治療のこと

治療を受ける、というと、「治してもらう」という解釈をされる方が多いのではないか、と思います。

病気よろしく体の異常は、誰かに治してもらうもの、という思い込みが蔓延っている現代ですが、それに起因する病症の慢性化、心身の弱体化、自身に対する無責任すらしばしば見受けられる今日この頃です。

 

身体は生きている限り、壊れることもありますが、治るようにできています。言い方を変えれば、その繰り返しで生きています。身体は生きて毎日作り続けられる中で、治っていくのが普通です。

なかなか治らない、再発を繰り返す、といったことが起きてくるのは、身体が治る力を発揮しにくい状態になっているためで、身体をとりまく環境の影響下で、自ら知らず知らず症状を招く考え方・行動を重ねている、という原因が絡み合っているためです。

 

ご自分でご自身に身についたそれら考え方や行動の癖に気づき、解決できれば問題はないのですが、知らずと身についたことなので、気づきにくく、助けの必要な場合が多々あります。

 

ですから、施術と会話を通じ、自ら治る力を発揮できる体、ひいては考え方を育んでいくお手伝いをさせていただきますことを、当庵では「治療」としています。

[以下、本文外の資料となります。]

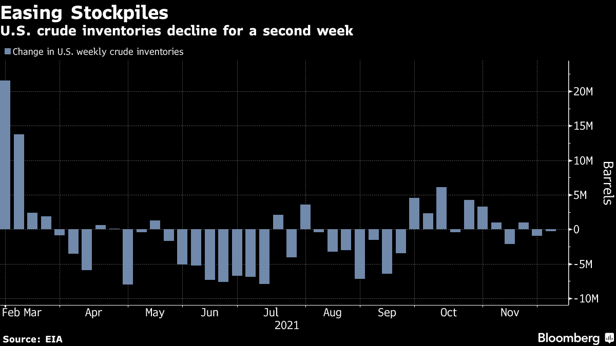 Oil has rebounded after falling for six weeks, in part due to major consumers signaling they would release strategic crude reserves to tame energy prices and the emergence of omicron. While demand hasn’t taken a big hit from the new variant, some nations have implemented restrictions on air travel and U.K. Prime Minister Boris Johnson has tightened pandemic rules.

結果としてもちろん症状は緩和されていきますが、状態によっては治まるのに時間が必要な場合もございます。ご了承の上、受診していただきますようお願いいたします。

全身、あなたそのものが対象です!

鏡に映った自分の顔を見て、どこからどこまでが自分の鼻であるか、正確に言える人がいるでしょうか。

 

言葉の上では分けられても、つながって成り立っている私たちの体。

見た目はもちろん、その機能においても単独で発揮されるものではありません。

それは同時に負担についても言えること。その時々、様々なバランスで負担を分散しています。

ですから、どこかが痛いからといって、そこだけが悪いということはありません。

 

例えば、腰痛、腰は体を表す月に要(かなめ)と書くように、負担が集中しやすい場所、声をあげやすい場所です。他に異常があって働きが悪い分の負担を、腰が請け負って、痛みや違和感というように表現します。

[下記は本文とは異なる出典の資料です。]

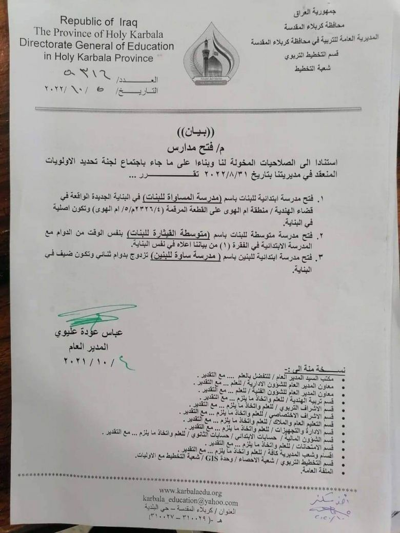 جاء ذلك في وثيقة حصل موقع كربلاء الاخباري على نسخة منها، ان "سيتم فتح مدرسة جديدة في قضاء الهندية مع بدء العام الدراسي الحالي لتخفيف الزخم الحاصل في مدارس القضاء".

だいたい、痛いところ、表現がはっきりしているところは正常に働いているところです。

問題点は別にあって、黙して働けていないところです。

 

治療は痛いところなど、体の表現を黙らせればよい、というものではありません。

無理に黙らせれば、その不満が更に体の中身をややこしく歪めることも。

黙しているところにも氣を向けて、つながりを築き直していくことが大切です。

体は治るようにできている。治る力を発揮できる体を育みましょう!

自分の体はもちろん自分自身そのものですから、自らの行動と切り離すことはできません。

瞬間、瞬間、自らの行動で自分の体が作られています。

使うことで発達し、使わなければ衰える。

 

例えば、職人さんがスムーズに仕事をこなしていけるのは、決してやり方を知っているからだけではありません。仕事の中で何度も目的に向かって動きを練り直し、仕事に対してスムーズに動ける体を作り続けているからです。

 

そうして体は絶え間なく変化し続けていますから、鏡では同じように見えても、昨日の自分と明日の自分は違います。もっと厳密に言えば、今の自分と、次の瞬間の自分も違う。

体の不調、というのも作り続けた今の体の状態を表しており、生きて変わり続けている過程です。行動を変え、体が変わっていくことで、その行動によりけり、良くも悪くも不調も変化していきます。

どんな不調、病気であれ、生きている限り、治っていく可能性があります。

あなたの今をとらえる完全オーダーメイド治療!

自分はもちろん、他の人も絶え間なく変化していますから、自分と他の人で歴史が違うように、体の中身、はたらきの程度、バランスはまるで違っています。

 

例えば、一口に腰痛と言っても、人によって、原因、程度、問題のある場所など中身は百人百様、ということが起こってきます。

 

当然、体に関して、マニュアル的なことは限界が生じます。全ての人に有効な治療法というものが未だ存在せず、あの人はこういっているが、この人はまるで正反対のことを言っている、ということが生じてくる道理です。

 

理屈的なマニュアルに体をあわせろ、というのが乱暴で無理な話ですが、悲しいかな、ご自分の歴史、そして進行方向とは相いれないマニュアルを導入して、かえって体をいびつにしている方が多い今日この頃。

誰かの作ったマニュアルは必ずしも通じない自分の体ですが、行動を通じて作り続け、変化させていくことはできます。生きている限り。

 

それは同時に、今まで取り込んだマニュアル、即ち支配や束縛からの脱却であり、自分自身の人生を築いていく、ということでもあります。